No. The latex-posters skill is aimed at research and scientific posters, but it also works for technical demos, lab open houses, internal showcases, and standards-driven communication where LaTeX output is preferred.

Do I need to know LaTeX first?

Basic LaTeX familiarity helps, but you do not need to be an expert to use latex-posters well. The bigger requirement is that you can supply accurate content and formatting constraints. If your source material is still evolving, the skill can help structure it, but the final output will be stronger once the sections and figures are settled.

When should I not use this skill?

Skip latex-posters if you want a casual marketing poster, social media graphic, or fully freeform visual design. It is also a poor fit if you do not want to manage compilation, page size, or figure preparation, since those are central to the workflow.

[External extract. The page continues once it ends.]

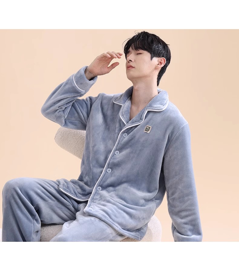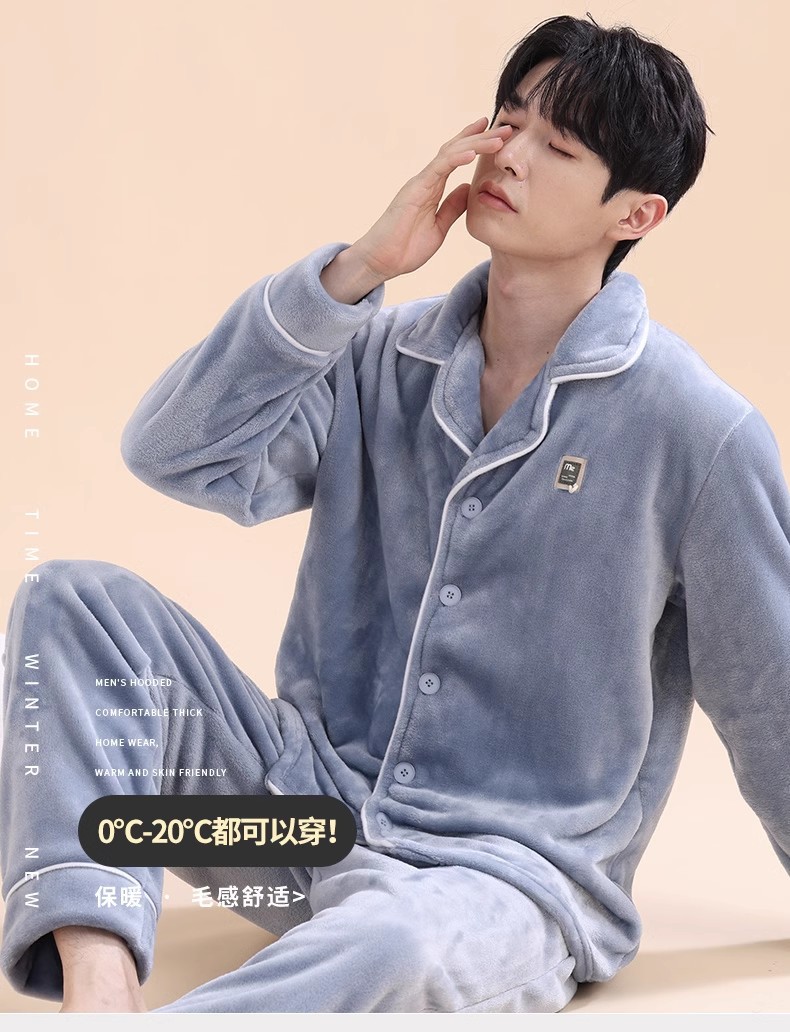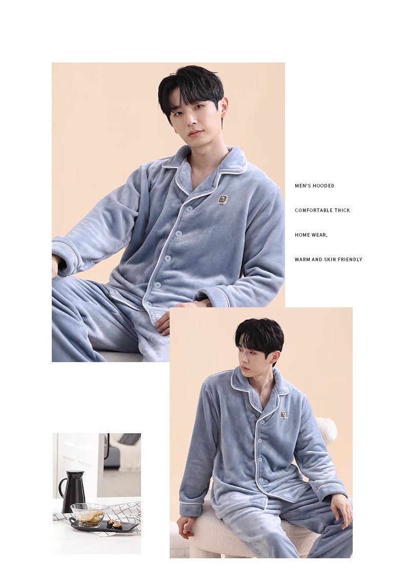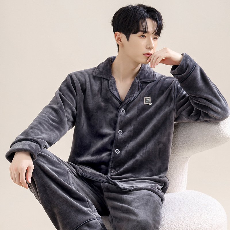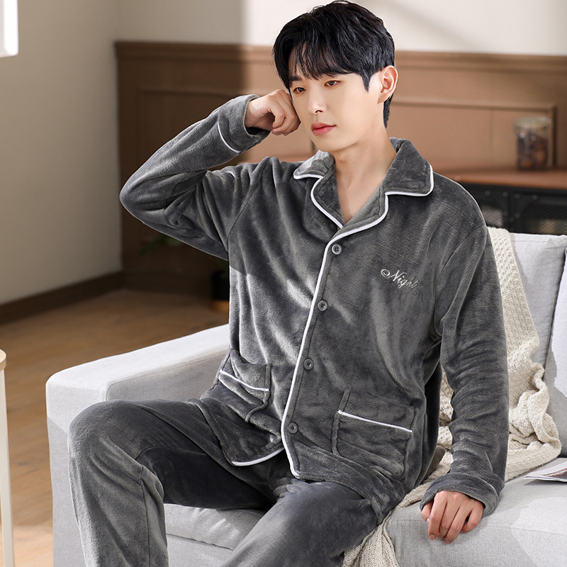 남성 잠옷 남성 겨울 새로운 두꺼운 플러스 벨벳 플란넬 홈웨어 산호 벨벳 따뜻한 가을 겨울 스타일스토어 가기

How does it compare to a normal prompt?

A normal prompt may produce a plausible poster outline, but latex-posters is better when you need package-aware structure, full-page sizing, and fewer layout surprises. It is especially useful when the final artifact must compile cleanly and survive print-scale viewing.

How to Improve latex-posters skill

Give fewer ideas, but better ones

The best way to improve latex-posters output is to narrow the brief to the one message the poster must communicate. Include only the results that matter, the one figure that carries the paper, and the required conference format. Weak inputs usually fail because they try to fit a paper abstract, a lab report, and a poster into one page.

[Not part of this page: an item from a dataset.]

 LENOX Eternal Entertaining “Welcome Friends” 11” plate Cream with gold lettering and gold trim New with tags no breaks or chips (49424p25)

State constraints that affect layout

Tell the skill about logo placement, required sponsors, citation limits, font restrictions, and whether the poster must be portrait or landscape. These details matter because overflow and unreadable text are the most common failure modes in the latex-posters skill, and they are easiest to prevent before generation starts.

Iterate on hierarchy, not just wording

If the first version is too dense, ask for a stronger headline, shorter methods block, or fewer text-heavy panels instead of only editing sentences. For latex-posters usage, the best improvements usually come from changing visual priority: larger claim, smaller background, clearer figure captions, and more whitespace.

Verify compileability before polishing

After the first draft, compile with your intended engine and check page fit at full scale. If something breaks, feed back the exact error, the oversized section, or the figure causing overflow. That is the fastest path to a stable latex-posters install outcome and a poster that is actually printable.